Judge orders single trial for man accused in multiple slayings

? A Missouri man prosecutors have called the state’s most prolific serial killer will be tried for 13 homicides at the same time, a judge ruled Thursday.

Lorenzo J. Gilyard, 56, was charged in April 2004 with strangling a dozen women – all but one a prostitute – after a federal grant allowed the police crime lab to begin testing evidence from old, unsolved cases. A 13th murder charge was added in June.

Prosecutors had sought to have the original 12 cases tried in at least two different groups, largely because of logistical problems with assembling more than 160 witnesses. They also had wanted to try the 13th case separately.

“There simply is no logical basis to pluck out certain counts and try them later under these unusual circumstances,” wrote Jackson County Circuit Court Judge John O’Malley. “Although defendant wants a single trial, even if he did not, these matters are best left to the consideration of a single, sequestered jury.”

Gilyard is being held without bond. O’Malley ruled last week to move the trial from October to March 5.

O’Malley also overruled the state’s efforts to prevent the defense from presenting evidence that would cast suspicion on others. Defense attorney Tom Jacquinot said last week that in four cases, there was evidence that others were involved.

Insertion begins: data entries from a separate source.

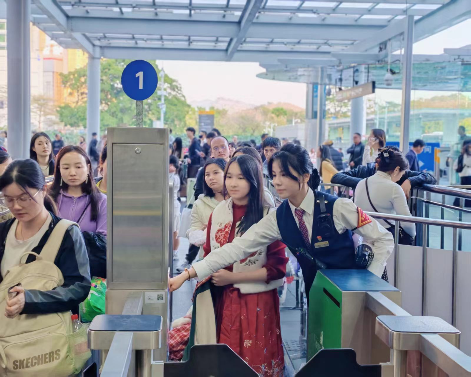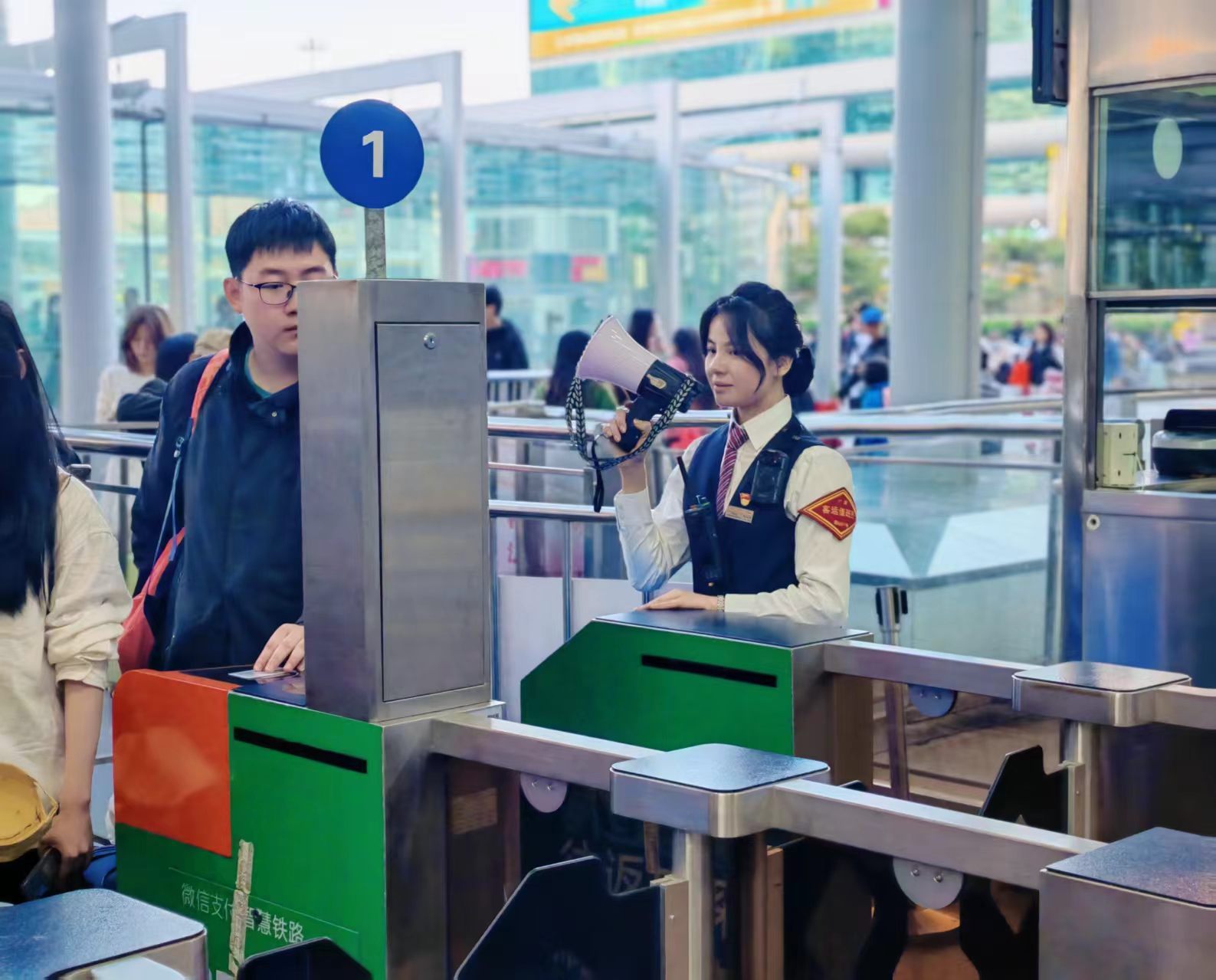 清晨,客运值班员刘洋洋站在深圳站进站口,手里的喇叭还没举起,旅客就涌了过来。刘洋洋侧身避开行人,来到人群中大声提醒。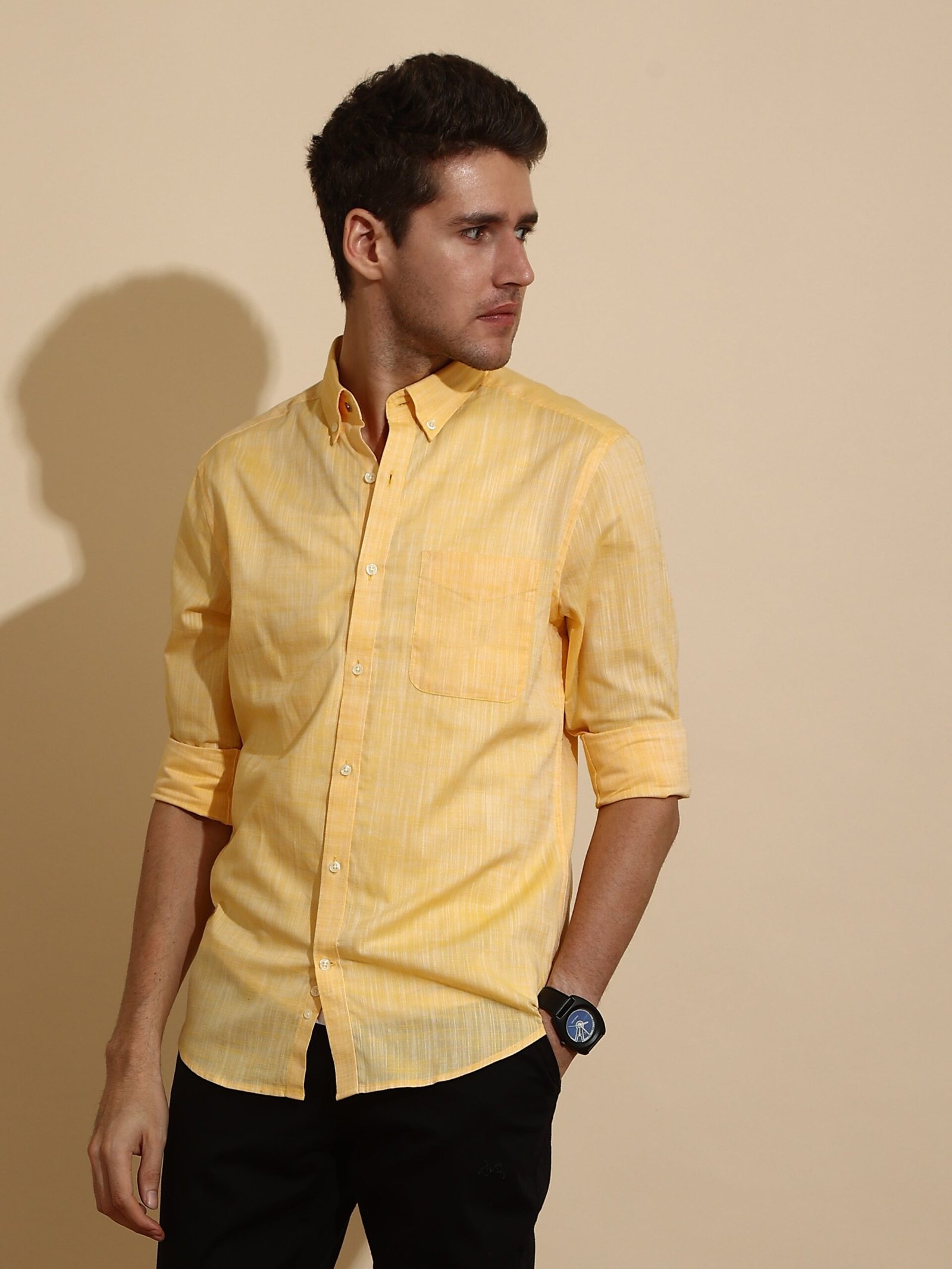 Full-Sleeve?Solid Shirt Cut And Sew Placket Regular Collar Double Button Square Cuff. Single Pocket With Logo Embroidery Curved Hemline Finest Quality Sewing Machine Wash Care Suitable To Wear With All Types Of Bottoms Made In India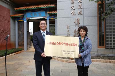 二是云南省社会科学普及示范基地在博物馆挂牌。“滇池流域生态文化博物馆”自建设以来,得到了社会各界的关心和支持,在面向师生试开放期间就获得好评,也吸引了更多研究人员的参与。经学校申报,云南省社会科学联合会决定将“滇池流域生态文化博物馆”命名为“云南省社会科学科普教育示范基地”。博物馆揭牌后,省社科联副主席靳昆萍为“滇池流域生态文化博物馆”授牌,我校校长蒋永文接牌。随后,各位来宾、学校领导及师生参观了博物馆。

More arguments will be heard Sept. 8 on defense efforts to prevent prosecutors from seeking the death penalty. The defense alleges that the sanction would be appropriate because law enforcement destroyed a blue coat recovered from Gilyard’s apartment while investigating the death of Shelia Ingold, 36, who was found dead in an abandoned van in November 1987.

At the time, authorities cut from the coat swatches with blood on them and tested them, but the results did not match Ingold or Gilyard, and Gilyard was eliminated as a suspect. The swatches were put in the crime lab’s freezer, where they remained even after the coat was destroyed in 1998.

When detectives began investigating cold-case files, evidence on the swatches was tested again and matched the DNA profile of Carmeline Hibbs, who was found dead in a parking lot in December 1987. Gilyard is now charged with Hibbs’ death, but had not been a suspect in the slaying at the time.